Em 1982, Pablo Morandé plantou as primeiras videiras comerciais do Vale do Casablanca num terreno que a viticultura chilena da época tratava como frio demais para amadurecer uva. O vale fica a trinta quilômetros do Pacífico, entre Santiago e Valparaíso, e até ali não tinha parreira comercial de pé.
O reconhecimento oficial veio bem depois. O sistema chileno de denominações de origem saiu por decreto em 1994, e Casablanca entrou nele com nome próprio dentro da região do Aconcágua.
A corrente de Humboldt é a explicação física do vale. Ela sobe gelada desde o sul colada ao litoral chileno, mantém a água do mar perto de treze graus em pleno verão e empurra ar frio vale adentro todo fim de tarde.
A neblina que vem do mar tem nome no Chile: camanchaca. Ela entra de madrugada, cobre as parreiras até quase meio-dia e derruba a temperatura máxima da tarde, o que prende a uva no galho por semanas a mais do que num vale de interior.

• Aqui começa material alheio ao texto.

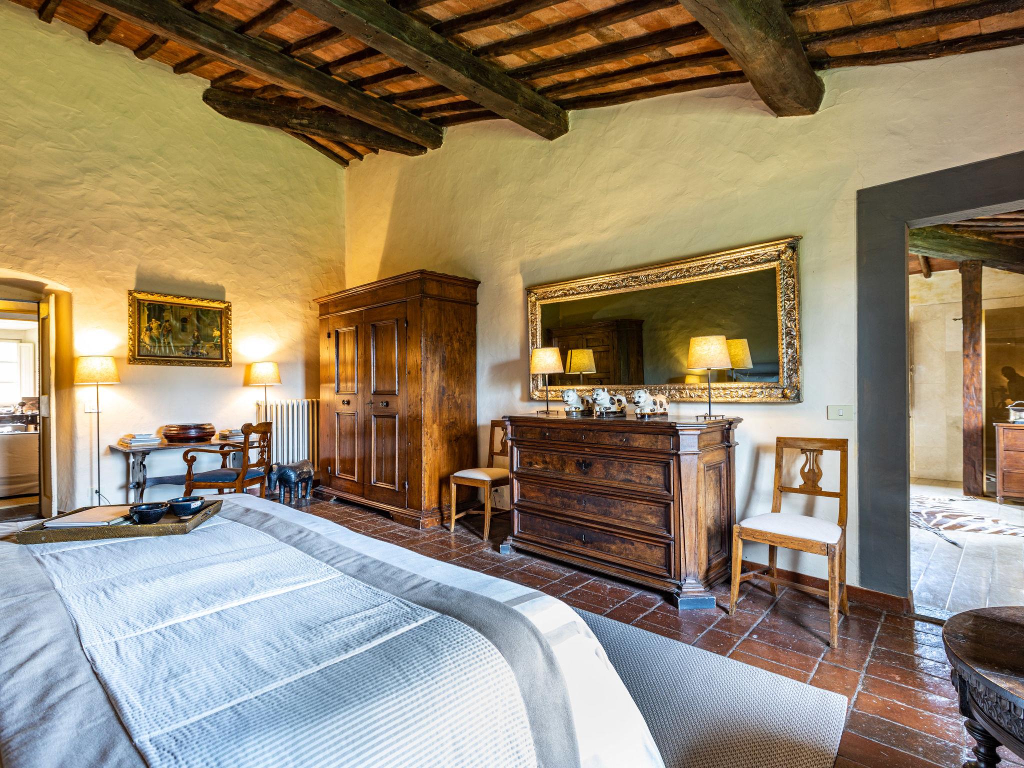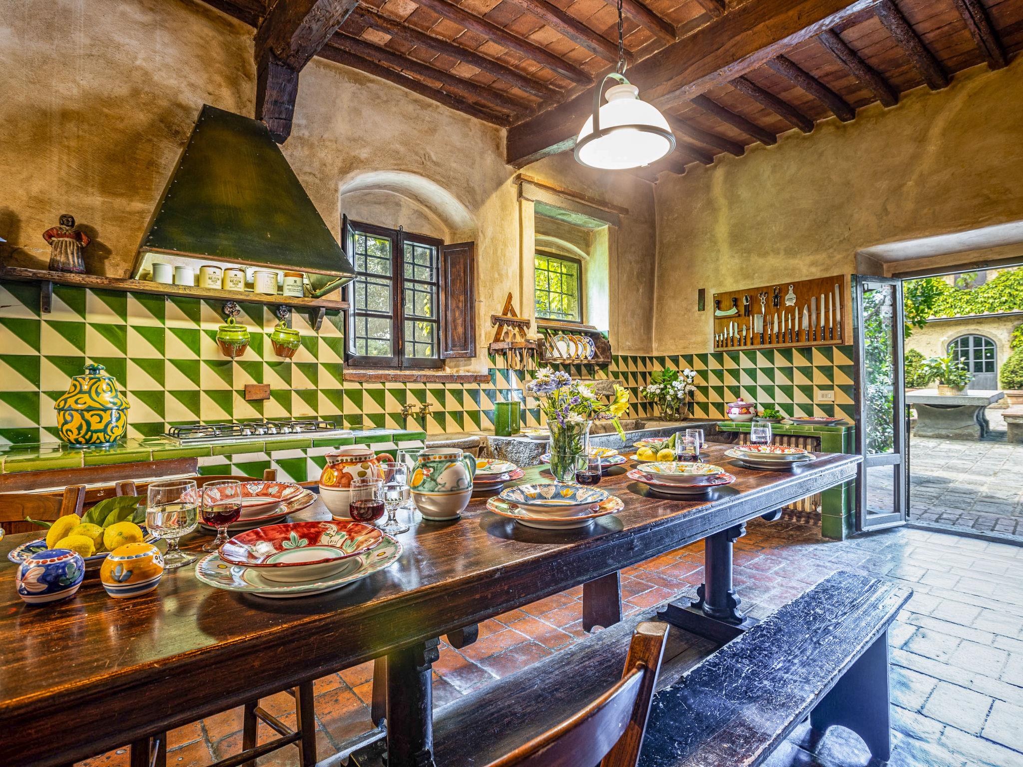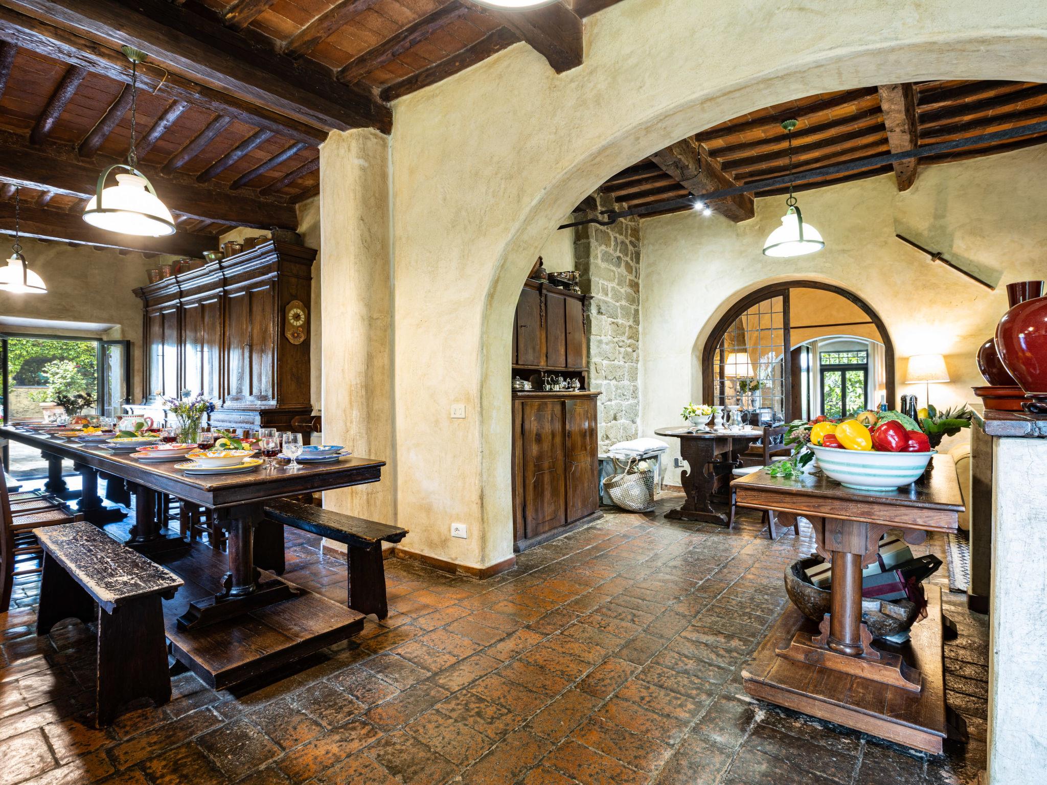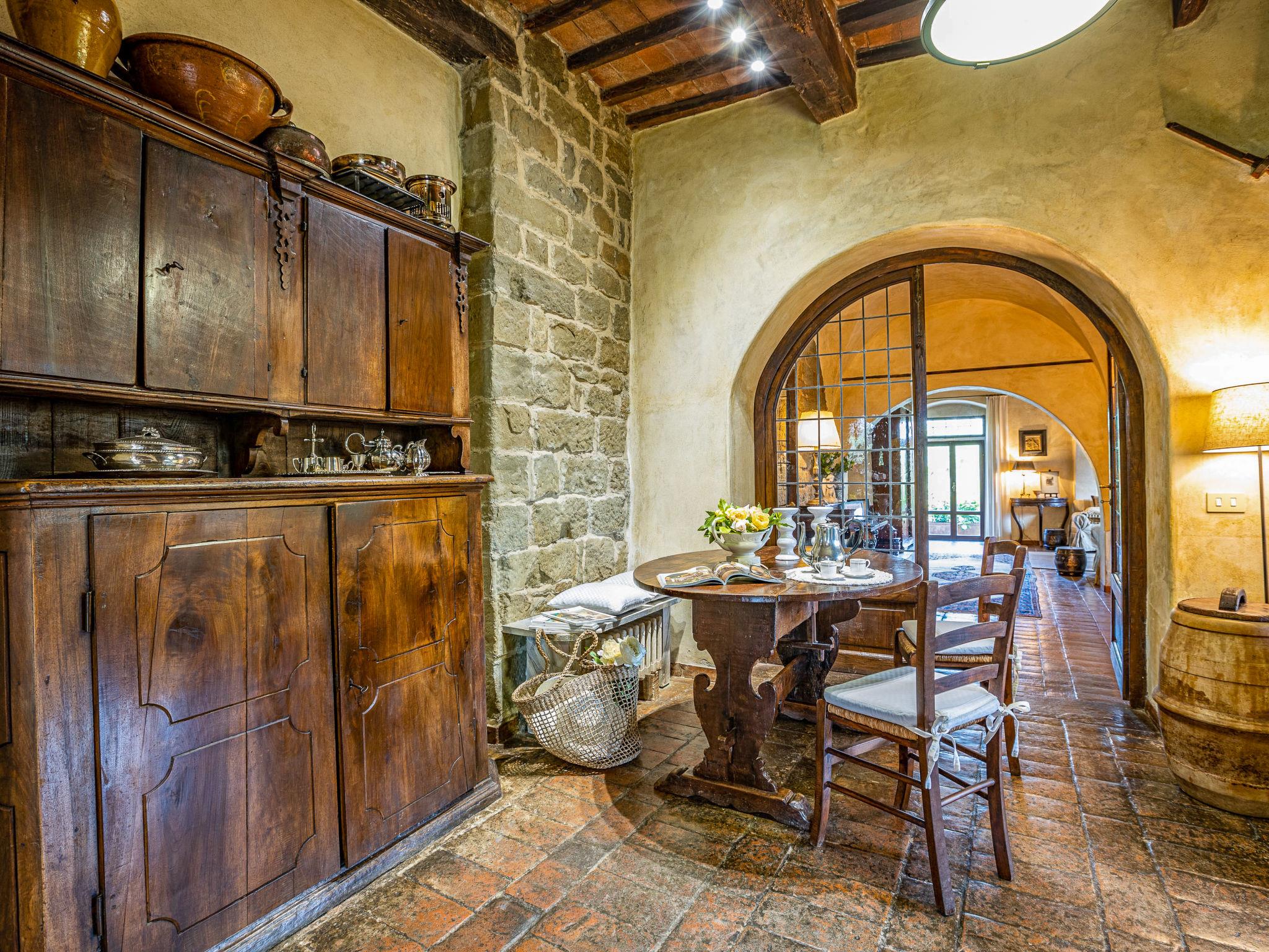 "La Torre + Fienile + Casa Prato", 16-room villa 900 m2 on 2 levels. Spacious, very comfortable and tasteful furnishings: large entrance hall. Large lounge with open-hearth fireplace. Exit to the garden. Large dining room. Large living room. Exit to the garden, to the swimming pool. Living room. Exit to the garden. 1 room with 3 beds (100 cm, length 200 cm), bath/shower/bidet/WC. Exit to the patio. Large, open kitchen (oven, dishwasher, toaster, kettle, microwave, freezer, electric coffee machine) with open-hearth fireplace and dining table. Exit to the garden, to the swimming pool. 2 showers/bidet/WC. Upper floor: living room with TV (flat screen). 2 large double bedrooms, each room with bath/shower/bidet/WC and double hand-basin. 1 room with 2 beds (100 cm, length 200 cm), shower/bidet/WC. 2 rooms, each room with 1 bed (100 cm, length 200 cm), 1 double bed and shower/bidet/WC. 1 double bedroom with shower/bidet/WC. Exit to the balcony. 1 double bedroom with shower/bidet/WC. 1 room with 1 french bed (150 cm), shower/bidet/WC. Natural stone floors. Comfortable furnishings in the country house style. Terrace, patio. Terrace furniture, barbecue, deck chairs, box-room. Very beautiful panoramic view. Facilities: washing machine, dryer, safe, iron, mosquito net, children's high chair, baby cot for up to 2 year olds, hair dryer, logs (extra). Internet (WiFi, free). Parking (10 cars) at the house. E-charging station. Please note: non-smokers only. Maximum 2 pets/ dogs allowed. No internal connecting door between the separated properties. The pool mentioned in the description is for private use. Torre for 8 people, Fienile for 6-8 People, Prato for 4-6 People. When there are less than the maximum number of guests staying at the property, not all of the housing units will be available for use. IT048052C2ZVK7L8OR

Uva que amadurece devagar guarda ácido. O calor forte queima o ácido málico dentro do bago, e onde a manhã fica encoberta e a noite cai dez graus abaixo da tarde o ácido chega inteiro na prensa.
O frio cobra o preço dele. Casablanca pega geada de primavera, e é comum ver torre de hélice e aspersor ligado de madrugada, molhando o broto para formar a casca de gelo que protege a planta.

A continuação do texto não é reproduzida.